More than the fair-weather abolitionists and the idealists in Parliament, the Maroons were the strongest force resisting the evil of slavery in Jamaica. In the sugar islands, they were known as the Children of the Mist. And they were feared. Emerging from nowhere, they’d attack a slave trader, free a shipment of slaves bound for a plantation, and then disappear. When retaliations came, everyone was dragged into battle—every man, woman, and child. And this is what Cuffe’s grandmother feared most.

Wynne respected the fight, but he couldn’t allow his son to take part in it at his age.

“I’m not saying this well,” he said, searching for the words that might help Cuffe understand. “The decision to bring you to Scotland was to give you a safe home, but that’s not all. Having you here is as much about your Nanny and me. It’s about being a grandmother and a father. It’s about caring so much that you would die before allowing your son to be hurt.”

He pulled Cuffe to him again, and to his relief, the boy allowed it. Wynne hadn’t been the father he should have been, but he would make up for it now.

“Until you’re grown,” he told him, “your place is with me. But I promise you this, I’ll teach you all you need to know to survive in the world you choose to live in. You’ll learn to think and ride and fight. You’ll train your mind and your body. You’ll become strong and sharp and clear thinking. You’ll be a leader that men can trust. And when you’re ready, when you’re old enough, you can choose where you want to be.”

Wynne knew this wasn’t the answer Cuffe hoped for.

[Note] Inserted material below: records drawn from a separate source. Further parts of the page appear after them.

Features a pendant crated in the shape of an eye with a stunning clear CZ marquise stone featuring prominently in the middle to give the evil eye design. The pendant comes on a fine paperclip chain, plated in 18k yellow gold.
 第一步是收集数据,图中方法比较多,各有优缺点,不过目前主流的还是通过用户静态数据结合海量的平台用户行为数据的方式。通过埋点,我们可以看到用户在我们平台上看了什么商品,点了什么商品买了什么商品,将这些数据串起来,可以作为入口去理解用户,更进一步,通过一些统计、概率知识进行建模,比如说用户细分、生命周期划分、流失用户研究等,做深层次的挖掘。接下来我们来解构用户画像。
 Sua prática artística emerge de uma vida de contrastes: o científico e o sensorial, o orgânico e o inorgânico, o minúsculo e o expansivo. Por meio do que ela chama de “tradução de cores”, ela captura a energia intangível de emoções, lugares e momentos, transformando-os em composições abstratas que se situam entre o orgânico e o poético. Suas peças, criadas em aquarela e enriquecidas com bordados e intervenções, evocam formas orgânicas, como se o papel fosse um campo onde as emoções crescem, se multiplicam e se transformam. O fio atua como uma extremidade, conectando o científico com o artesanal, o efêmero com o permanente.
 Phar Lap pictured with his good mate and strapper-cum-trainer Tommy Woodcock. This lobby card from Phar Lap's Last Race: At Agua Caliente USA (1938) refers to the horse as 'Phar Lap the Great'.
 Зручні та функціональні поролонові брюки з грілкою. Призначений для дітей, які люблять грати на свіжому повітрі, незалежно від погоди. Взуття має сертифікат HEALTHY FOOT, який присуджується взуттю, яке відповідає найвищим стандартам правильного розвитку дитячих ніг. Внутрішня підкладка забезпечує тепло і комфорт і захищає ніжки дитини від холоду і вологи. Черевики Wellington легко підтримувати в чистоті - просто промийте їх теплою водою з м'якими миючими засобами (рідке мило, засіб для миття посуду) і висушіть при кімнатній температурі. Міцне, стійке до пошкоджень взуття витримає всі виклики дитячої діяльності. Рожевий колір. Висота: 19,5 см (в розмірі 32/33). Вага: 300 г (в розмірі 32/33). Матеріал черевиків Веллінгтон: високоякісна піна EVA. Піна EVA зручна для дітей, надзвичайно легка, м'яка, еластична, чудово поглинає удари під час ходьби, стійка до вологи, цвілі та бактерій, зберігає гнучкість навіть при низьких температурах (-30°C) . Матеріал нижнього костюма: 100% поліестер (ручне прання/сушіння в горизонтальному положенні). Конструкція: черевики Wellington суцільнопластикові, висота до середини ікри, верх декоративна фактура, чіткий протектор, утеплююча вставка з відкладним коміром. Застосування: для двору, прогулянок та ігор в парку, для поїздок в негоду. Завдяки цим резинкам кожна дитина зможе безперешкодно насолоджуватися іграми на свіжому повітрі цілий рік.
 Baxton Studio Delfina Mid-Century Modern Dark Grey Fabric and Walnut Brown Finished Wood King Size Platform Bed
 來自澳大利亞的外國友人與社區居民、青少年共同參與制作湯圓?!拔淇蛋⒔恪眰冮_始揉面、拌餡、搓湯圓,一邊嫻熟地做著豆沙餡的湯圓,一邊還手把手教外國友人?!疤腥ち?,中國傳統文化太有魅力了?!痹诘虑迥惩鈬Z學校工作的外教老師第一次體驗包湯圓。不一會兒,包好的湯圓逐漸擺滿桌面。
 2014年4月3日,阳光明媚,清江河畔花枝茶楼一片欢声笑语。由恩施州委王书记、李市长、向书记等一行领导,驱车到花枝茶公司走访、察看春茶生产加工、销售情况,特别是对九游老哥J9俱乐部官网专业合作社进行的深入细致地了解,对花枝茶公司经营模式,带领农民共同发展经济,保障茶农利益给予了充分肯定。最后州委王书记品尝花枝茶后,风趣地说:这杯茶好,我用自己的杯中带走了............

“I know you miss your grandmother,” he said softly. “You can write to her. I know she’ll write back to you.”

“But the time between is slow,” Cuffe said, pulling away again. “If I don’t see her, I’m afraid I’ll forget her.”

“Never. Nanny raised you. She made you the fine, strong lad you are. For as long as you live, she’ll be a part of who you are and a part of all you’ll do.”

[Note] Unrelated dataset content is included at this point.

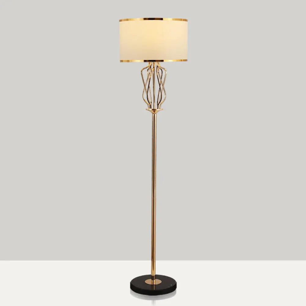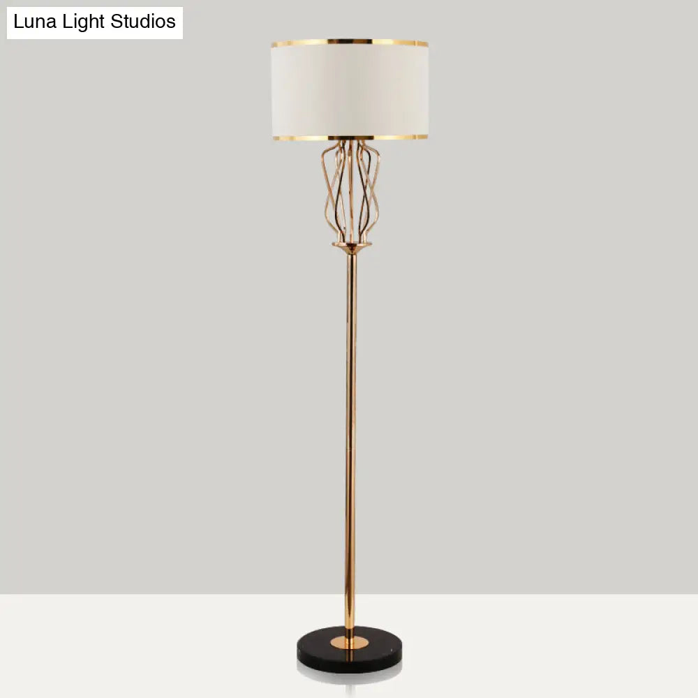 Lámpara de pie redonda de tela de estilo clásico con un cabezal, acabado en latón – Ideal para la iluminación del salón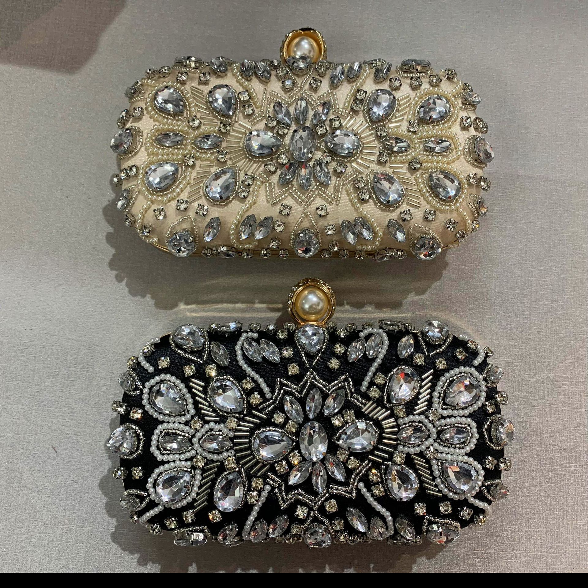 • 手作りビーズクラッチ、ラインストーンイブニングバッグ、チェーンバッグ

Cuffe stretched his legs out in front of him and stared at the line of trees beyond the pond. His tears had dried and the sobs had subsided, but his sorrow still showed in his face.

Jo told him to listen and talk to his son. He’d listened and then he’d talked, as well. He hoped Cuffe knew that he understood his son’s pain.

They’d made a great leap forward in a very short time, but he knew that this moment was just one step on a long road.

“So much of life requires making difficult choices,” Wynne said quietly. “You have many ahead of you.”

He was surprised when Cuffe’s gaze swung around to him.

“What difficult choices have you made?”